GASPARE DE VITO
Passing Notes
At tha age of 23, Gaspare De Vito stopped playing in order to become a designer. Then he re-started playing sax in 2005, in Barcellona, getting close to the Cuban music which is continuously echoed in “Passing Notes”. De Vito uses his instruments by exploiting all the musical nuances: from the darker cante hondo to the growls, the harder and boiling sounds, in order to get to the main characteristic of the whole cd: the Cuban ocha, music and religion mixed together. And the ocha is just known as the union of African rhythms and the South American ones, “The Fish From London” is a perfect exemple of it.

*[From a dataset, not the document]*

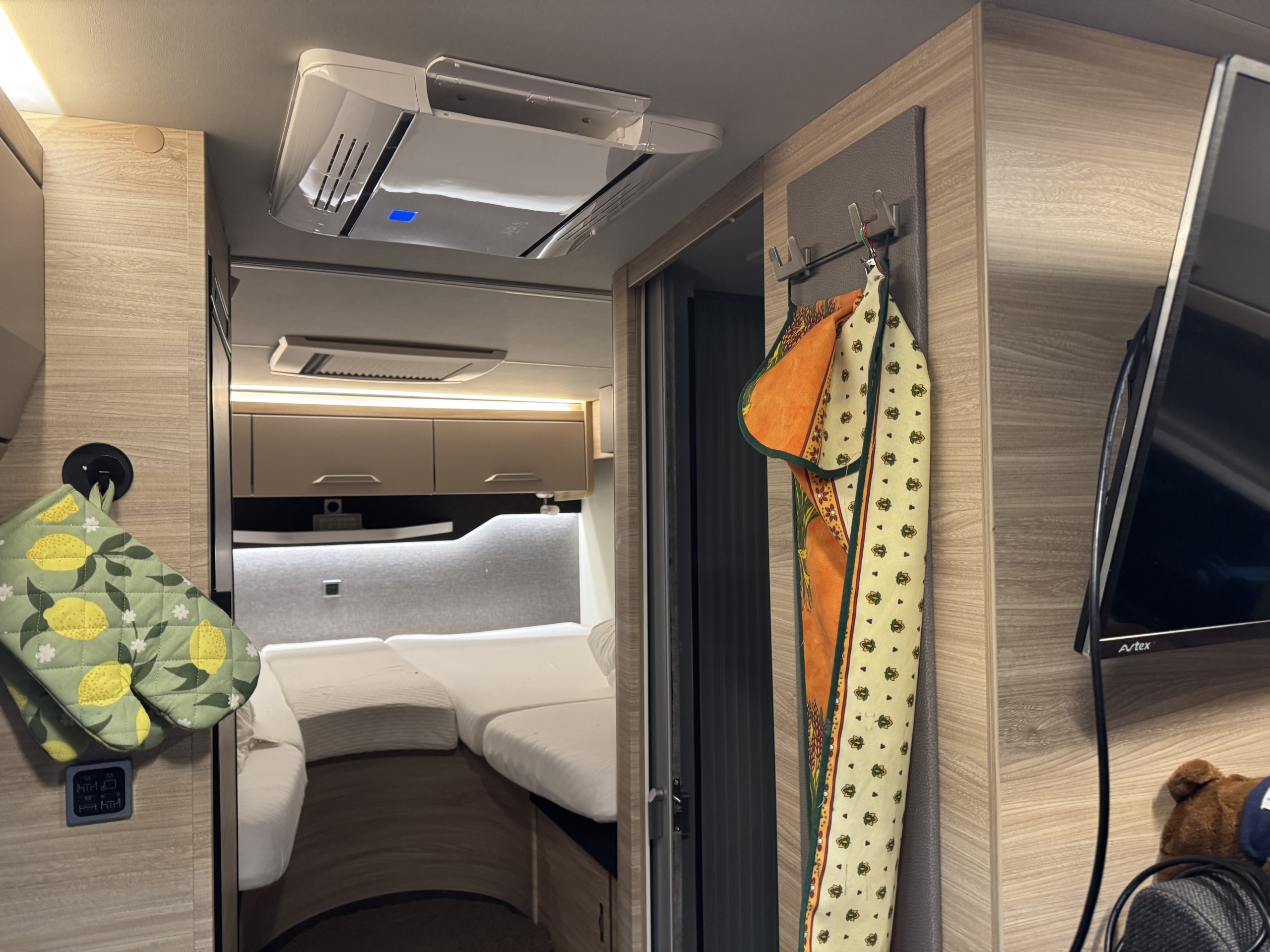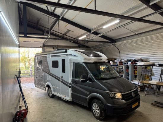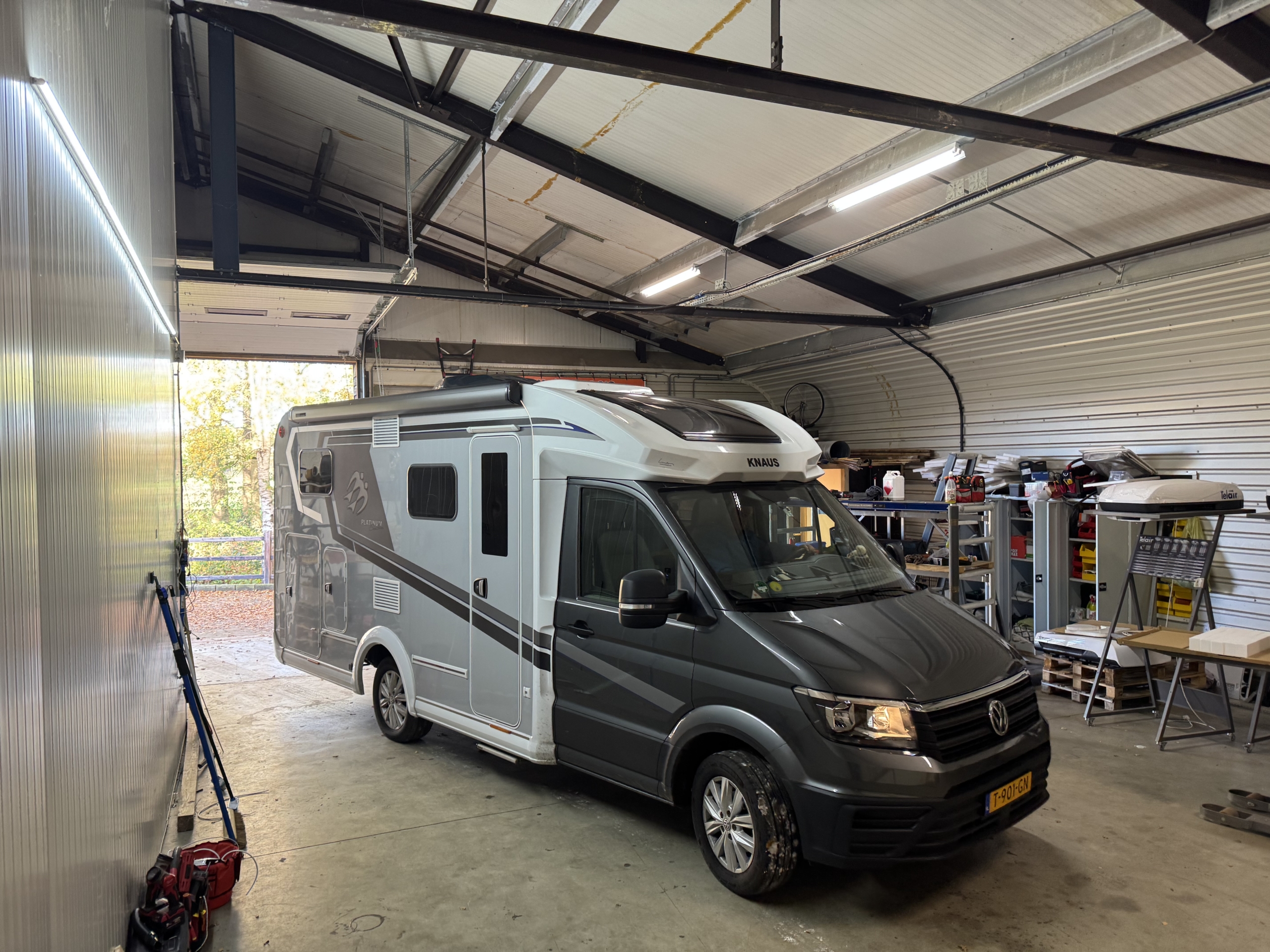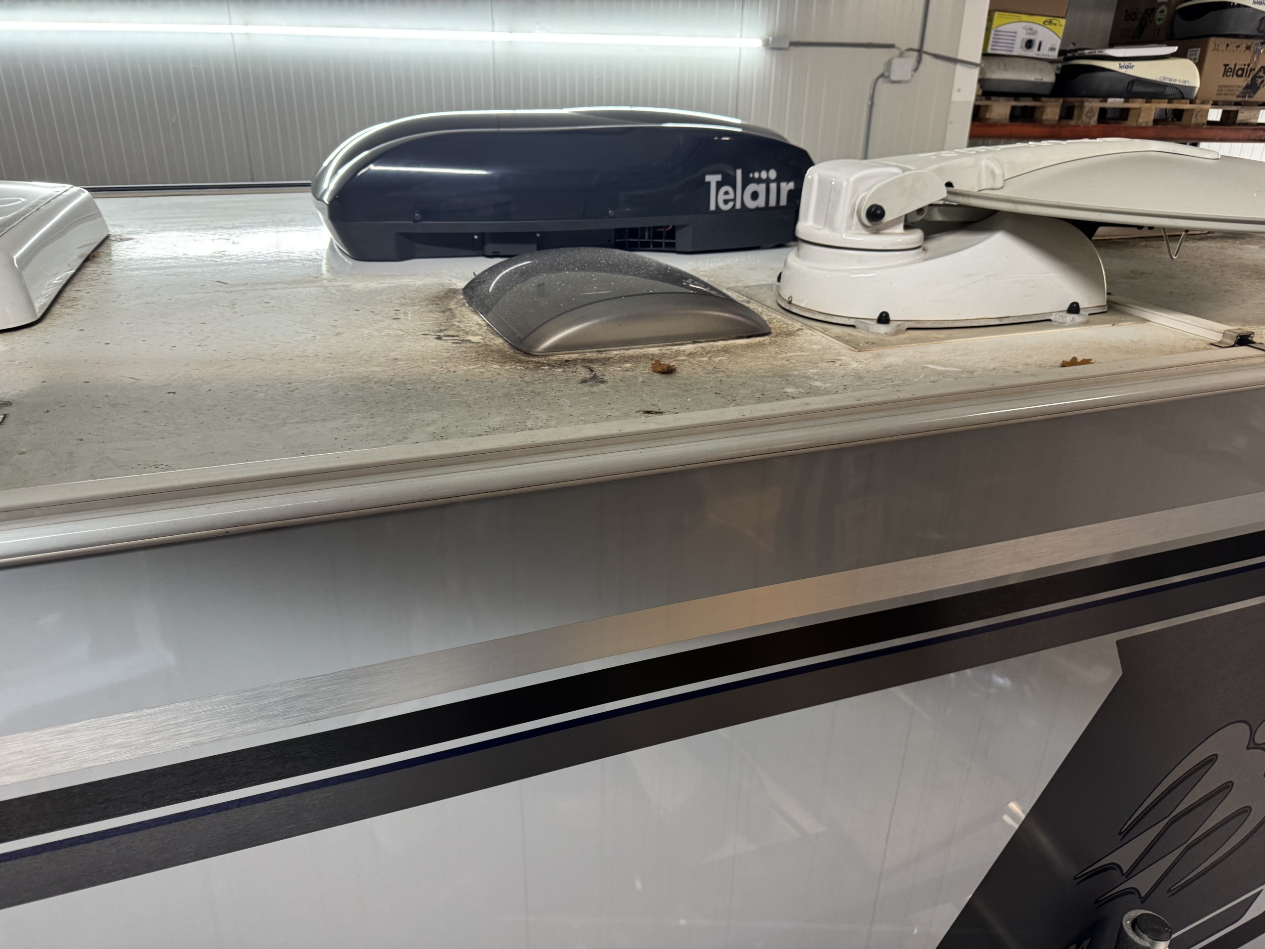 Een Telair Silent Plus 8100H Black geplaatst op een Knaus VAN TI PLUS Platium Selection.
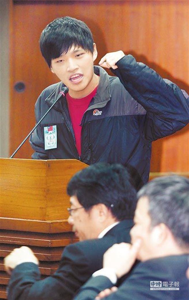 臺(tái)灣清華大學(xué)延畢生陳為廷(左)去年12月,在臺(tái)灣“立法院”怒批當(dāng)局“教育部長”蔣偉寧(中),引發(fā)正反意見爭(zhēng)論。(圖片來源:臺(tái)灣中時(shí)電子報(bào))

Warm, dry notes, minimalism. “Passing Notes” is the celebration of De Vito’s art who has arranged and composed these nine tracks. In fact there are a lot of breaks, the cd on the whole does not give space to the orchestration. Flute and sax are the absolute protagonists in their thousands of uses: water and air sounds in “Sunrise (First Day)”, to the African flavour of “Morning Prayer” til the funeral “Too Easy To Love”. Not to mention the seduction, maybe the eros, of the alluring “Looking For The Roots”.
If you love sax, “Passing Notes” is a masterpiece. Those who love mainstream jazz maybe fill find it too essential. It is actually a very good cd.